Your objective ->
Make an exact copy, from the records below, of the lines from the line containing "Ábrela fácilmente con" to the line containing "負責邯鄲市金色起點外語學校網", both lines included, excluding pictures.

Data shown ->

[Start of Attachment]

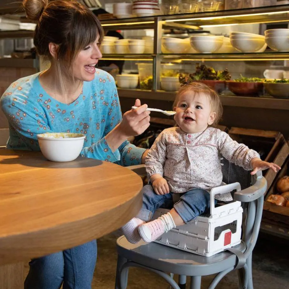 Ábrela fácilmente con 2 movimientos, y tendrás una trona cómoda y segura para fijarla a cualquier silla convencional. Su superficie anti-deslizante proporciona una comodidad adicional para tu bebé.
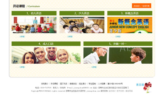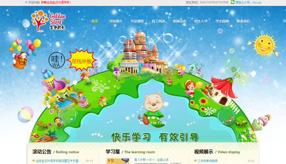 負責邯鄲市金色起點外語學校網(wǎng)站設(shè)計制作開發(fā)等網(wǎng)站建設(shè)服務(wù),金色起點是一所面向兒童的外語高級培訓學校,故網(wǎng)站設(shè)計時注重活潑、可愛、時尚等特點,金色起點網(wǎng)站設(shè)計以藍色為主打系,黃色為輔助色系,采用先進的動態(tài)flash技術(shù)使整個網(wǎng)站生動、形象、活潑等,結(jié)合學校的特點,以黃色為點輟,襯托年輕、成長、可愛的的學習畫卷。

[End of Attachment]
[Start of Attachment]

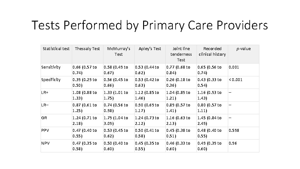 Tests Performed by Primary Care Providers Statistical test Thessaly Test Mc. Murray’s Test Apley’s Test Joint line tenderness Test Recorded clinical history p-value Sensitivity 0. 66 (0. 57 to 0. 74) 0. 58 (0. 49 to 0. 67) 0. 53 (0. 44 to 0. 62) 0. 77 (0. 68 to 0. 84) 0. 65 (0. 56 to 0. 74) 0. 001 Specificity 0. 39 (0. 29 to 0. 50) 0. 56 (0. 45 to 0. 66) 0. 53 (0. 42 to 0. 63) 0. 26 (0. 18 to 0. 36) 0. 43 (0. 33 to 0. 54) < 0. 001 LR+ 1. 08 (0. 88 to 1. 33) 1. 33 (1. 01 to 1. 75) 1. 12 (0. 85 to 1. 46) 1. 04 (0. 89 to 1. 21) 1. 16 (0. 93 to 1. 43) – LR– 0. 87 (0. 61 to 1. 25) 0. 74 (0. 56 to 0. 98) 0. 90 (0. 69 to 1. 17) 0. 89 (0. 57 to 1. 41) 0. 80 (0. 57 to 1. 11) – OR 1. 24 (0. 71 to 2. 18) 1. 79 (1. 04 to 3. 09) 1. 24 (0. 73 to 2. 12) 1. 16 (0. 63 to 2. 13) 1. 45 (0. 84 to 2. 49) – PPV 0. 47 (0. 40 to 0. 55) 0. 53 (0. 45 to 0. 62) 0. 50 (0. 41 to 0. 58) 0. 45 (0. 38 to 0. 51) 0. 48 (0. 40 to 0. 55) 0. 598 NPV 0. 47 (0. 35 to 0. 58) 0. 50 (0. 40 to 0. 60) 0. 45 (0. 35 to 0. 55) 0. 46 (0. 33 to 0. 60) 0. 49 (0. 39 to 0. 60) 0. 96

[End of Attachment]

Exercise output ->
 Ábrela fácilmente con 2 movimientos, y tendrás una trona cómoda y segura para fijarla a cualquier silla convencional. Su superficie anti-deslizante proporciona una comodidad adicional para tu bebé.
 負責邯鄲市金色起點外語學校網(wǎng)站設(shè)計制作開發(fā)等網(wǎng)站建設(shè)服務(wù),金色起點是一所面向兒童的外語高級培訓學校,故網(wǎng)站設(shè)計時注重活潑、可愛、時尚等特點,金色起點網(wǎng)站設(shè)計以藍色為主打系,黃色為輔助色系,采用先進的動態(tài)flash技術(shù)使整個網(wǎng)站生動、形象、活潑等,結(jié)合學校的特點,以黃色為點輟,襯托年輕、成長、可愛的的學習畫卷。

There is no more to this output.